Spoiler alert: about three quarters of the way through, having been reading a narrative that tells you what happens over the course of three years or so in fine-grained detail, the reader turns the page to be confronted with the words ‘five thousand years later’. What follows is really an extended epilogue. I have to say that it doesn’t work as well as most of the mad ideas that Stephenson has when he’s making novels, but he’s founded a career on tearing up the rulebook, and I’m happy in principle that he’s continuing to do so. I think what he really needed here was an entire sequel of about the same length, but he wanted to explore some ideas about what kind of a society humans might come up with if they had to get off-planet sharpish and stay there for a long time. His thoughts are extremely interesting and entertaining. It’s basically an extremely strong bit of world-building (as was the first half of the book, where the world he built was considerably closer to our own), in which he explores the ramifications of everything that happened in the few years of the opening narrative—a narrative which constitutes a kind of historical bottleneck for humanity.

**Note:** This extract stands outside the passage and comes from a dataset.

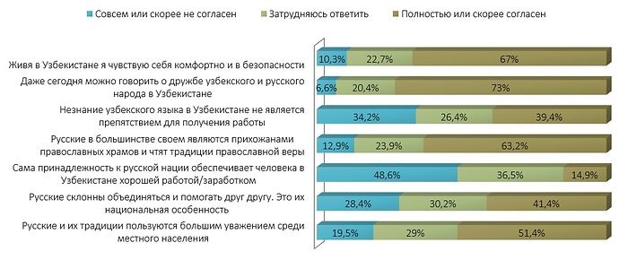 О последнем свидетельствует и тот факт, что 67% прихожан отметили: живя в Узбекистане, они чувствуют себя комфортно и в безопасности; а 73% уверены, что даже сегодня (когда нет СССР) можно говорить о дружбе узбекского и русского народов в Узбекистане. Не актуализирована и такая проблема, как то, что именно незнание узбекского языка является препятствием для получения работы, – данные свидетельствуют, что в обществе нет однозначно имеющегося опыта по этому вопросу. При этом и сама принадлежность к русской нации не обеспечивает сегодня человека работой в Узбекистане, очевидно, этому способствуют иные факторы. Вместе с тем до сих пор русские и их традиции пользуются большим уважением местного населения – так считают 51,4% опрошенных. Все перечисленное, на наш взгляд, указывает на то, что этнический фактор – принадлежность к русским – значим лишь в определенных сферах, чаще всего при межличностном общении, как память о том, что в свое время дали русские Узбекистану.

I guess that one thing he postulates (without explicitly stating it) is that a technologically advanced society which is able to continually watch all the earlier versions of itself on video, would change a lot less over the millennia than one that has to confront the constantly receding horizon of living memory. Broadly, I agree, but I didn’t find the degree of cultural continuity that Stephenson imagines to be that plausible. Five thousand years is roughly as much recorded human history as we have had to date, and even with the limited cultural memory we inherit from the start of that time, we can tell that a thousand years of historical distance amounts to an enormous gulf of cultural difference. We might be able to watch videos of ourselves in five thousand years, but we will have forgotten irretrievably what it was like to be us, in my opinion. However, the stuff Stephenson makes up here is extremely cool, so I enjoyed it anyway. In the final analysis, this narrative appendix feels rushed, and it is absolutely crammed with explication, either in the mouths of the characters or of the narrator, for which reason I felt it would have been better presented as a meta-documentary appendix, or as another novel altogether. All of this might be okay if it was really, really important, but actually, in comparison to the unfeasibly high stakes of the first narrative, what happens in the second one is kind of inconsequential. I’ve never said that Stephenson was a perfect writer, and this is largely a novel of surpassing brilliance, but it has this one major flaw, which is rather more obvious than the flaws in any of his other books that I’ve read.